Ellsworth Kelly was born in Newburgh, New York and grew up in northern New Jersey, where he spent much of his time observing nature. This would later inform his unique perspective on the art world. In 1943, Kelly enlisted in the army serving in France, England and Germany. His highly visual experiences with camouflage and shadows shaped Kelly’s aesthetic and future career.
After Kelly returned to America in 1954, he found the art world hard to break into. Kelly had his first exhibition at Betty Parsons’ Gallery, but wasn’t too popular, as he was considered more of a European artist. In May of 1949, while Kelly was still in Paris, he had begun to paint his first abstract paintings. In his famous painting Red Blue Green, the bold red and blue shapes contrast and resonate with the solid green background. Tensions between the ‘figure’ and the ‘ground’ were of great significance in his work, as he aimed to establish dynamism within otherwise flat surfaces. Another painting titled Colors for a Large Wall (1951) introduced his view of paintings as objects, where the painting was comprised of many smaller objects (panels) that just happened to collide.
In addition to paintings, Kelly also began drawing plants and flowers in the late 1940s. These drawings depicted contours of leaves, stems and flowers in clean strokes of pen or pencil and centered on the page. While living in Paris, he became inspired by the likes of Henri Matisse and Jean Arp, while also experimenting with reductive geometry in paint and wood. During the mid-1960s, Kelly took up printmaking and produced his Suite of Twenty-Seven Lithographs (1964-66) with Maeght Éditeur in Paris.
Although Kelly was best-known for his paintings, he also worked with sculpture throughout his career.
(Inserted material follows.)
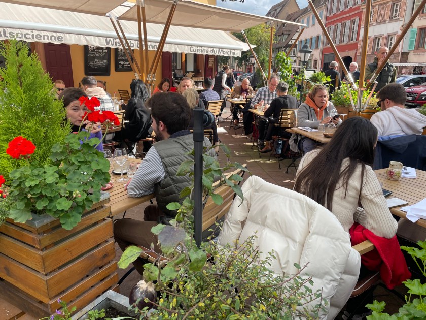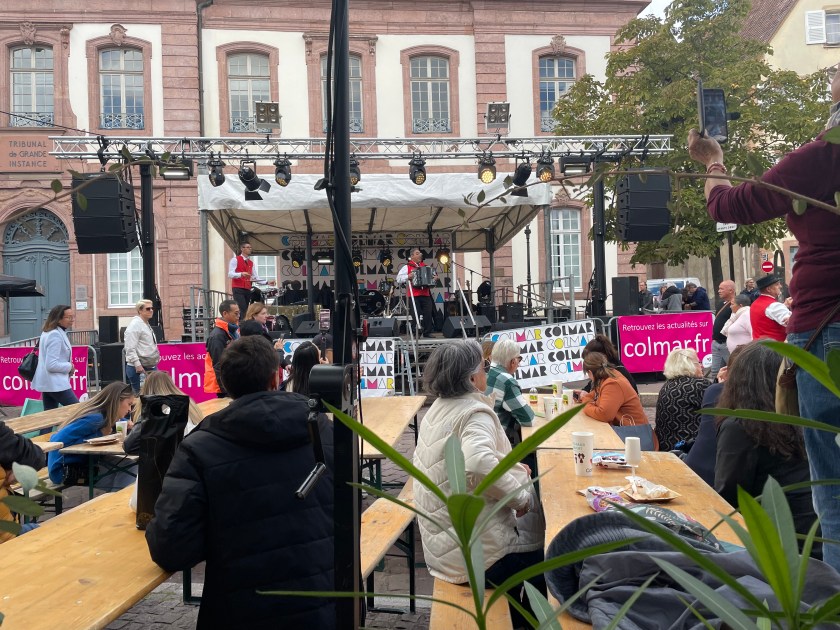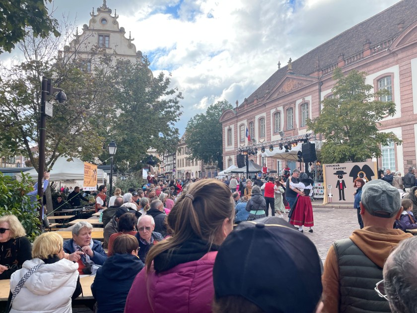 We drove through beautiful vineyards along the wine route to our next stop: Colmar, where we spent the next 2.5 hours wandering through a larger but still charming town. There was a fall festival going on. People in Europe are out on the weekends, enjoying the sights with their families.

One of Kelly’s first wood sculptures, Concorde Relief I (1958) reveals the balance between two rectangular forms layered on top of each other. Kelly would often create his pieces using a succession of ideas on various forms. For example, he would start off with a drawing, which would then be enhanced to create a print. After the print, Kelly would create a freestanding piece that would later be turned into a sculpture.
Recently, Kelly organized a show of Matisse drawings at the Mount Holyoke College Art Museum in Massachusetts. Even more recently, he curated Monet/Kelly at the Clark Art Institute. For more than six decades, Ellsworth Kelly has focused on the visual elements of form, color, and scale. You can view his work at The Tate Modern in London, which is open to the public everyday. One piece of his work you will find on display is called Orange Relief with Green. This large, asymmetrical abstract painting is made up of two canvases: one in bright orange and the other in bright green. The panels in the work are seen as challenging the traditional figure: the subject is set against the background, which is visible by means of contrast. Several other pieces on display include famous works such as Black Square with Blue and White Curve.
Some may think that Kelly’s work is too simple, but that is what makes it interesting. It is what lies between the lines, shadows, reflection, as well as the colors and shapes that occupy the space that have piqued the interest of art lovers around the world.
On December 27, 2015, Ellsworth Kelly passed away at the age of 92 in his home in Spencertown, New York.